A partir de investigações sobre o desenvolvimento cultural pela observação da criança, Vygotski (2000) aponta a lei geral sobre o desenvolvimento cultural:

“toda función en el desarrollo cultural del niño aparece en escena dos veces, en dos planos; primero en el plano social y después en el psicológico, al principio entre los hombres como categoría interpsíquica y luego en el interior del niño como categoria intrapsíquica” (p.150).

Pino (1992), seguindo o modelo teórico de Vygotski que tem com pressuposto a origem social das funções psíquicas, foca no processo de apropriação a possibilidade da reconstrução no plano pessoal dessas funções de origem social e destaca o signo como instrumento que permitiu ao homem dar existência cultural à natureza e a si mesmo em que o homem é o mediador da natureza e da cultura.

As funções psíquicas superiores se colocam nesse parâmetro da reconstrução do plano pessoal como sendo produzidas por meio das relações apropriadas da ordem social, e as reconstrói nesse plano intrapsíquico: “toda función psíquica superior pasa ineludiblemente por una etapa externa de desarrollo porque la función, al principio, es social” (Vygotski, 2000, p. 150).
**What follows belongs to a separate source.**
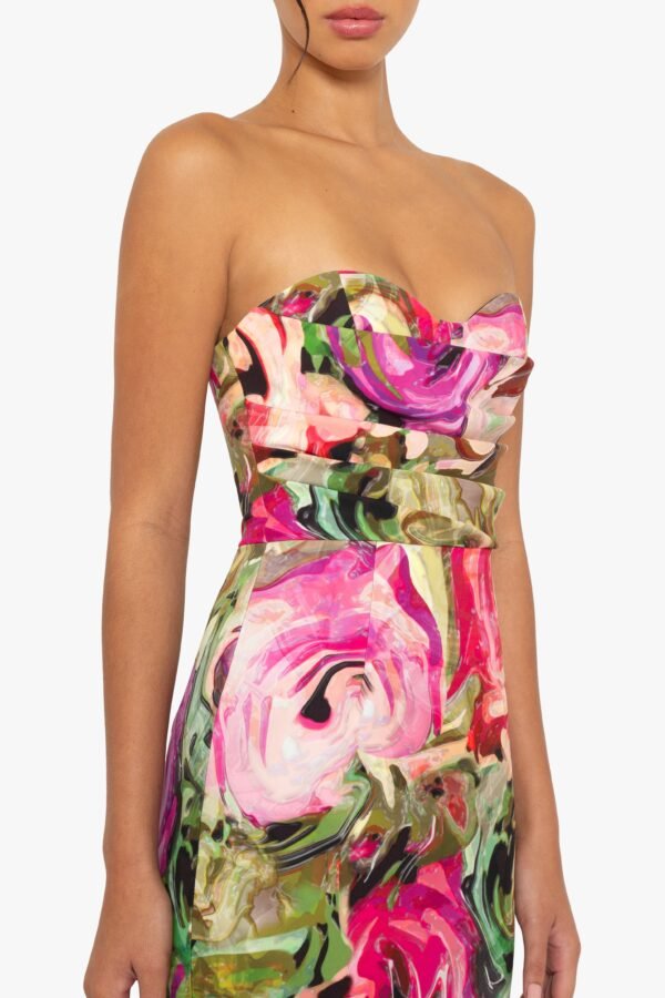 A striking strapless column gown featuring an abstract rose print that makes a bold statement. The structured bodice is designed with a cup detail and a draped overlay. creating a flattering silhouette.

Precisa-se entender essa condição externa na história do desenvolvimento humano do sujeito para apreender os sentidos apropriados pelo sujeito em sua vida, pois:

“Toda función psíquica superior fue externa por haber sido social antes que interna; la función psíquica propriamente dicha era antes uma relación social de dos personas. El medio de influencia sobre si mesmo es inicialmente el medio de influencia sobre otros, o el medio de influencia de otros sobre el individuo” (p.150).

Dialogando com essa questão do plano externo, Góes (1991) aponta que o funcionamento interno é resultado da apropriação da formas de ação e depende das estratégias e dos conhecimentos dominados pelo sujeito, mas também das ocorrências registradas no contexto interativo. Compreende-se que o plano intrasubjetivo de ação é formado pela apropriação de capacidades originadas no plano intersubjetivo, e que esse último é o plano da relação do sujeito com o outro. Conclui-se, esse plano intersubjetivo não se coloca por si só como responsável por influenciar os processos subjetivos, na medida em que a atividade do sujeito é ativa nesse processo: “o conhecimento do sujeito não é dado de fora para dentro, suas ações não são linearmente determinadas pelo meio, nem seu conhecimento é cópia do objeto. Não se trata, pois, de um sujeito passivamente moldado pelo meio” (p. 21).

Vygotski (2000) entende que o processo de fixação/interiorização se dá em um processo de desenvolvimento que inclui mudanças evolutivas e revolucionárias, com retrocessos e falhas, em um movimento de zig-zag e de conflitos e contradições, em um choque entre o natural e o histórico, o primitivo e o cultural e o biológico e o social. Ele elucida que o processo do desenvolvimento cultural do homem é vivo, de formação e de luta:

“el desarrollo no se procuce por lá vía de cambios graduales, lentos, por una acumulación de pequeñas peculiaridades que producen en su conjunto y al final alguna modificación importante. Ya desde el mismo principio el desarrollo observado es de tipo revolucionario. Dicho de otro modo, observamos la existencia de cambios bruscos y esenciales en el propio tipo de desarrollo, en las propias fuerzas motrices del processo. Y es bien sabido que la coexistencia de cambios revolucionarios con los evolutivos no es indicio que excluya la posibilidad de aplicar a ese proceso el concepto de desarrollo” (p. 156).

O processo de apropriação, ao revolucionar a estrutura do psiquismo, possibilita a superação do estabelecido e constitui algo novo, interno e externamente, por meio das ações realizadas na cultura. Smolka (2000) defende que assim não se pode compreender o processo de formação do funcionamento mental meramente pelas relações humanas em si. As relações sociais devem ser analisadas conjuntamente a produção de signos e sentidos. Apropriar-se é o ato do sujeito em seu desenvolvimento que ao pertencer e participar das práticas sociais se constitui nessas relações significativas, dando-lhe sentido a elas.